Tips for keeping your code clean

In this post, I’ll be sharing clean coding conventions recommended by Robert C. Martin in his video series on “Clean Code”.

Clean code reads like well-written prose.

Grady Booch

Names

  • If a comment is required to explain what a variable does, it has a bad name.
  • If you have to examine the code that a function executes to understand what it does, it has a bad name.
  • All names should be pronounceable.
  • Avoid naming things with prefixes and mysterious encodings.
  • Variable name lengths should be directly proportional to the size of their scope.
  • Class name lengths should be inversely proportional to the size of their scope.

Any fool can write code that a computer can understand. Good programmers write code that humans can understand.

Martin Fowler

Functions

  • The first rule of functions is that they’re small. The second rule is that they’re smaller than that.
  • Small functions act as sign posts helping people navigate your code.
  • Classes and structs hide in long functions.
  • Functions should do one thing. If you can extract one function out of another, you know it’s doing more than one thing.
  • Extract until you drop!

Redundant comments are just places to collect lies and misinformation.

Robert C. Martin

Function Structure

  • Function signatures should be short. A good rule is to have no more than 3 arguments.
  • Booleans and potentially null arguments should not be passed into a function. There should be separate functions that handle each case.
  • Public functions should be at the top of a chain of private functions where each function only calls functions that are below them.
  • Switch statements are a missed opportunity to use polymorphism and also interfere with the principle of independent deployability.
  • Functions that return a value should not change state. Functions that change state should not return a value.
  • It’s better to throw an exception than to return an error value.

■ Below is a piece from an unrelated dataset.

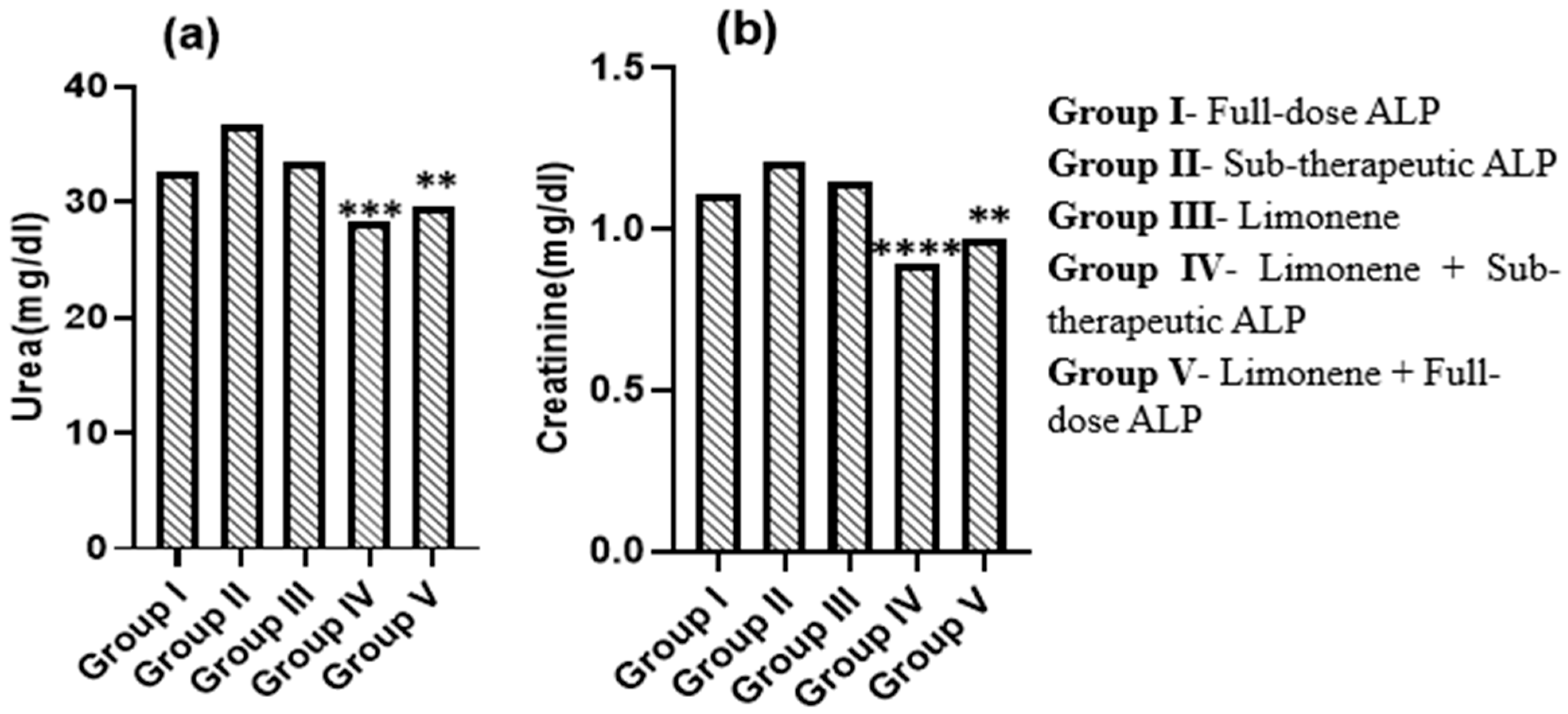 | Group IV-Limonene + Sub-therapeutic ALP | 2.8 ± 0.20 **** | 160.92 ± 6.3 **** | 5.87 ± 3.5 ** | 200.21 ± 7.2 **** |

I’m not a great programmer; I’m just a good programmer with great habits.

Kent Beck

Form

  • Comments should be rare. Every comment is a failure to properly express yourself in code.
  • Keep file sizes small.
  • Manage line lengths so you never have to scroll to the right.
  • Methods of a class should hide data, not expose it. If they must expose data, they should do it in the most abstract form possible.
  • Know the difference between classes and data structures. Classes have private variables and public methods. Data structures have public variables and no methods.

Every time I see commented out code I delete it on the spot. I don’t read it, I don’t try to understand why it’s there, I simply expunge it from existence, and you should do the same.